Our ideas about consent are fairly recent, too. I just finished reading Straight: The Surprisingly Short History of Heterosexuality by Hanne Blank. The word “heterosexual” itself only dates back to the 1860s, and our ideas around it have been in flux ever since. And yet, as Blank points out, the word and concept both have changed in response to changing social conditions:

When “heterosexual” was coined in the mid-nineteenth century, women were still at a marked disadvantage to men in marriage and in society in general. They might have had more say about whom they would or wouldn’t marry, and their feelings about their marriages and their husbands might have been more influential, but a woman’s identity and her agency were still ordinarily subsumed by that of her father or her husband. Legal personhood changed this, making both expectations and experiences of heterosexuality more egalitarian, a dynamic in which both partners’ desires and responses were crucial to the success of the enterprise (81).

All of this is to say that the playing field between genders (not that gender’s an uncomplicated binary!) is not an even one when it comes to power, and has not been for some time, though hopefully it’s creeping in that direction. This makes consent a complex thing, and it also makes it important to keep an intersectional feminist lens firmly in place when we look at who can give consent and under which conditions.

To return to McNeill’s post:

As my friend and fellow sex worker Mistress Matisse has pointed out, an individual or group that is unwilling to respect a woman’s “yes”—regardless of the price she puts on it—is also unwilling to respect her “no.”

And a person or society that cannot respect an individual’s right to set the conditions of access to her time, attention, or person is one that believes said individual is owned not by herself but by the state.

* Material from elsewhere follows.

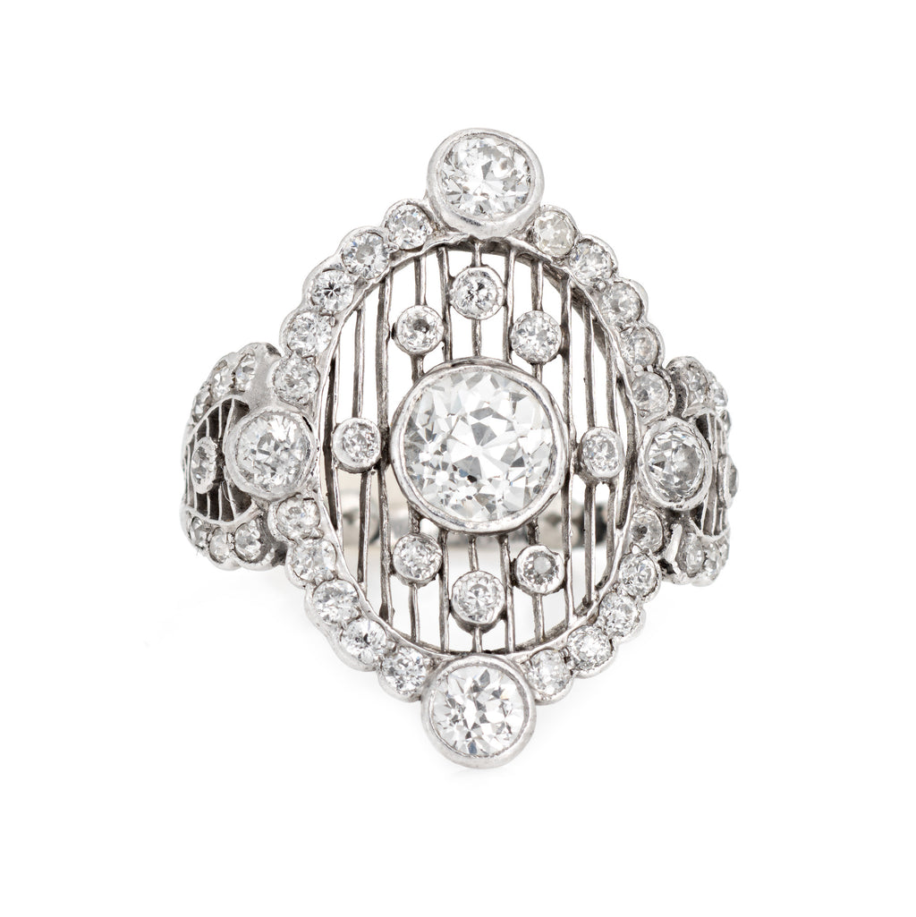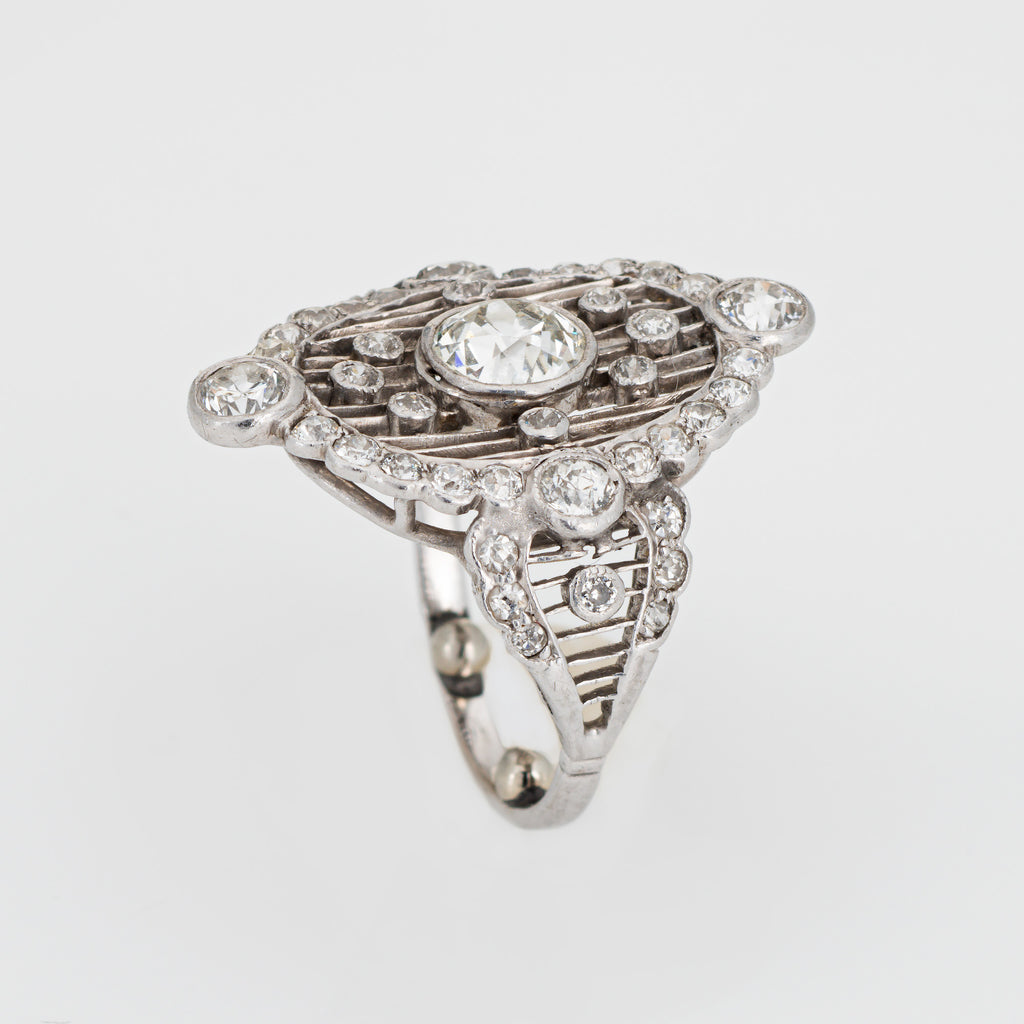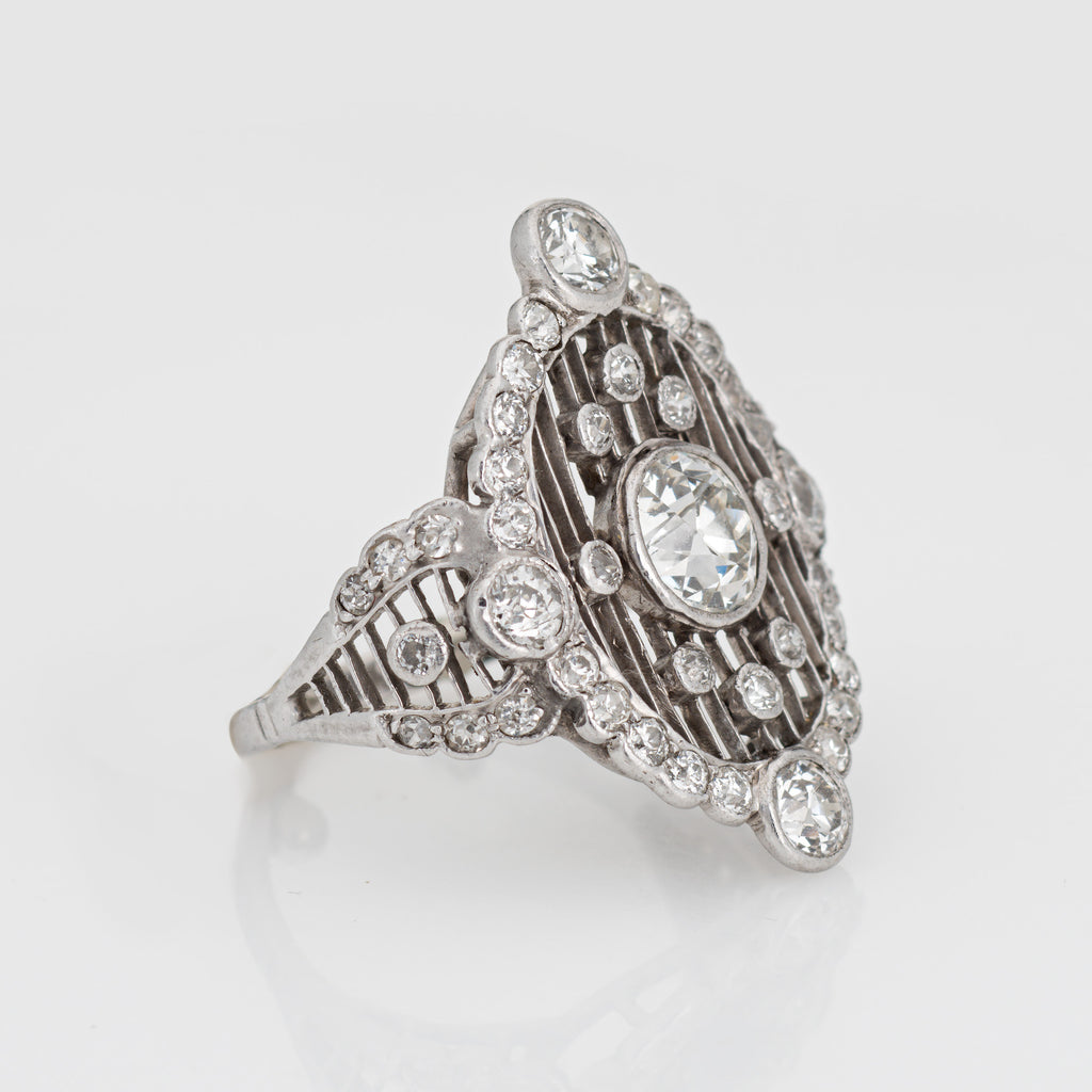 Antique Edwardian Diamond Ring Platinum Sz 6 Oval Cocktail Fine Jewelry

In short, if you firmly, utterly believe that women are capable of giving consent in intimate relationships but not in sex work, then you need to reexamine your assumptions about what it’s like to live and work under capitalism. If you believe that women “owe” men sex, and that sex is thus a resource that the government can step in to redistribute through “enforced monogamy” or whatever nonsense of the day is being spouted, then you need to examine your internalized misogyny. People can and do give consent under conditions that are not always of their choosing – but hey, welcome to life, welcome to social justice movements where we try to improve those conditions for everyone, especially those already experiencing the most oppression and marginalization.

If thinking of sex as a resource works for you, great. If it doesn’t work for you, that’s also fine, but don’t police others who view it in that way. The main thing is to not view people – and particularly women – as resources, as commodities to buy or sell. That’d be like your boss at your day job (I’m assuming your non-sex-work job) deciding that they own you as a person, rather than them contracting you to provide a specific labor under specific conditions.

Consent is not a contract. People are not things. Yes, there will always be complexity and nuance galore to people’s lived experiences, but I wish we could agree on these basics.